I am hearing a flood of concerns and questions. People worry and lack confidence in the district. They need information and answers. A lot of people are asking whether schools should close while we figure things out. These questions are worth asking.

Last week, SFUSD parents took to Twitter to share the difficulty of getting COVID-19 testing for their children.

Right now, though, there are two concrete steps that are clear. First, we should be doing weekly testing for students and staff at all school sites. Parents who are keeping kids home who are not sick will feel much better if we have this in place. Second, we need to give out high-quality daily disposable KN-95 masks for all staff and students. If the schools say “you should wear masks”, then the district should provide them.

There has been a conversation going on to downplay the risk of Omicron. The implication is that everything is fine and people should all get used to the risks. But everything is not fine. It is not a time to downplay the risk of death for those who are vulnerable. If a student or a teacher gets the virus and passes it on, then that’s too high a price. And numbers show those burdens fall harder on people of color, low-income people, and students with disabilities.

Spanish-speaking parents commiserate and search for ways to get COVID-19 testing for their children.

I’m a school board leader. And there has been conversation lately describing me as a fear-monger. But the truth is, this is not the time for sniping back and forth. It is time for school leadership, teachers, and parents to work together to face this challenge.

The school board passed a resolution in October directing staff to prepare for a surge. It included a directive for plans for increased testing. It included plans for better ventilation, contact tracing, support for outdoor lunch/learning, and high-quality masks. I reached out to Dr. Vincent Matthews ten days ago to request an emergency meeting on the surge. I wanted to provide a forum for concerned parents, students, and staff to figure things out. But there was no response to my meeting request.

Screenshot of a part of the Roadmap to COVID Recovery Resolution.

It’s time we all come together and meet the moment. This means the Board, SFUSD, City Hall, DPH, partners, parents, educators, and school staff. How we respond in this moment should be of urgent interest to the entire citywide community.

How this Board votes today on new leadership should be of concern. Several of my colleagues have repeatedly advocated for opening schools without safety measures that other Bay Area districts have put in place to keep their students and staff safe.

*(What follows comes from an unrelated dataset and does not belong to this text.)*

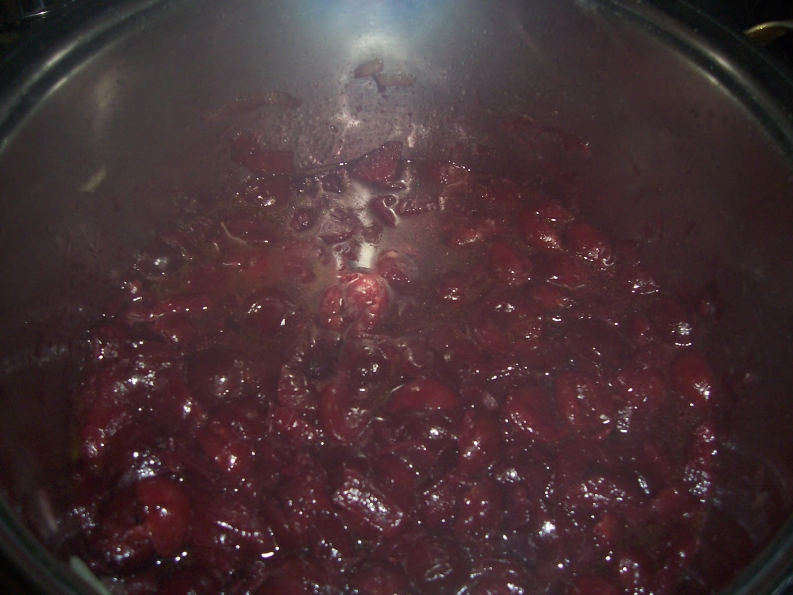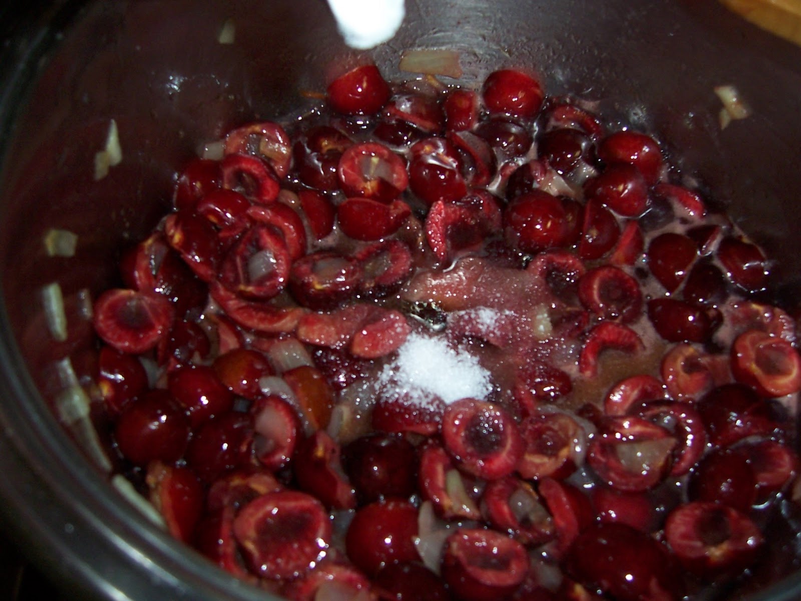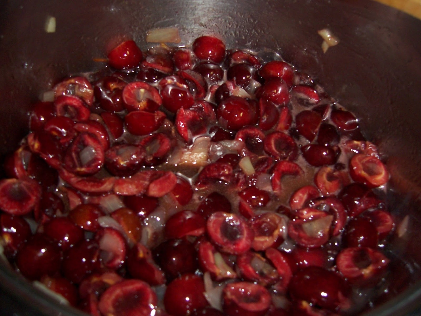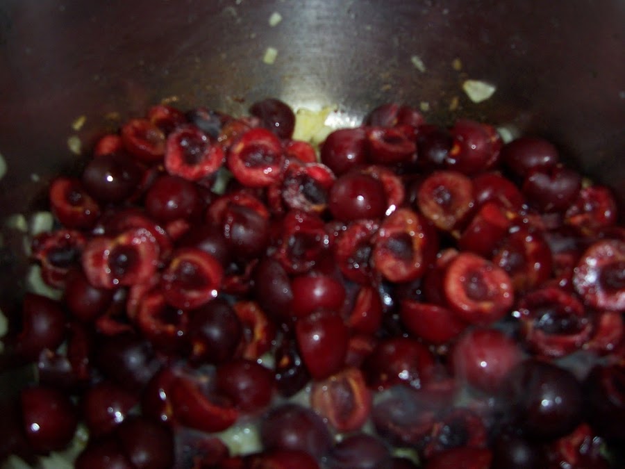 Mientras, lavamos y deshuesamos las cerezas y las añadimos a la cebolla en cuanto ésta esté lista y rehogamos todo junto un par de minutos.

This is an educational state of emergency. We need SFUSD leaders to look to working models in our neighboring Bay Area school districts. The teacher shortage is unimaginable. Parents are keeping their children home as they scramble around to find testing. Classrooms are one-half to one-third-full at many school sites. And a large number of teachers are at home sick with COVID-19 or awaiting long delays in test results. We can’t go on like this. Something needs to change.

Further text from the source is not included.